Authored by tpr on Jun 11 2019, 1:10 PM.

Details

Summary

Since the changes to introduce vec3 and vec5, INSERT_VECTOR for these
sizes has been marked "expand", which made LegalizeDAG lower it to loads
and stores via a stack slot. The code got optimized a bit later, but the
now-unused stack slot was never deleted.

This commit avoids that problem by custom lowering INSERT_SUBVECTOR into
an EXTRACT_VECTOR_ELT and INSERT_VECTOR_ELT for each element in the
subvector to insert.

Change-Id: I9e3c13e36f68cfa3431bb9814851cc1f673274e1

Diff Detail

Event Timeline

tpr created this revision.Jun 11 2019, 1:10 PM
Herald added a project: Restricted Project. · View Herald TranscriptJun 11 2019, 1:10 PM
arsenm added inline comments.Jun 11 2019, 1:15 PM
lib/Target/AMDGPU/SIISelLowering.cpp
348

Should this handle MVT::Other and get all the types? What happens with v6i32 or v4i16?

test/CodeGen/AMDGPU/insert-subvector-unused-scratch.ll
6

Should check more, even if generated

12

No case for 5 x?

tpr updated this revision to Diff 204248.Jun 12 2019, 3:29 AM

V2: Addressed review comments re test.

tpr marked 3 inline comments as done.Jun 12 2019, 3:31 AM
tpr added inline comments.
lib/Target/AMDGPU/SIISelLowering.cpp
348

I would prefer not to in this commit.

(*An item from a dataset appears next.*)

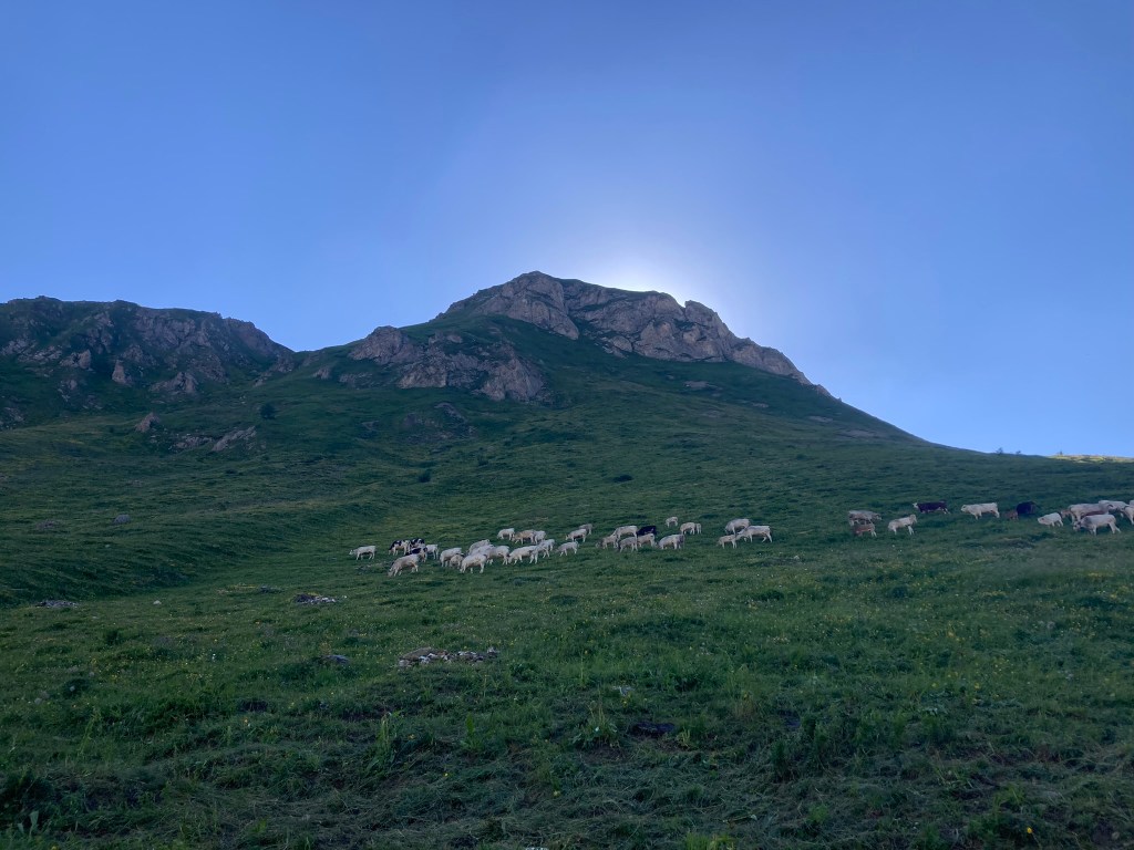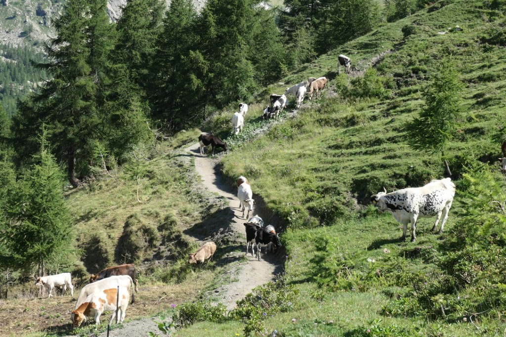 The only roadblock on the very level and enjoyable hiking after Rifugio Bonatti is a herd of cows that freaks us out. We’re just minding our own business and walking down the trail and all of a sudden there is a bunch of mooing, and then several cows with very big, scary horns seem to be following us. Neither of us had any idea that we could run as fast as we do with our packs on. Finally, we perch at a spot up the hill in the shade that seems to be out of their way enough for the entire herd, and after a few moments they pass—very slowly.

Here I am just trying to undo the damage done by my vec3 and vec5 changes, which (a) added those setOperationActions with Expand, and (b) implemented some joining involving the new vec3/vec5 types in terms of INSERT_SUBVECTOR.

arsenm accepted this revision.Jun 18 2019, 4:35 PM

LGTMT

This revision is now accepted and ready to land.Jun 18 2019, 4:35 PM
This revision was automatically updated to reflect the committed changes.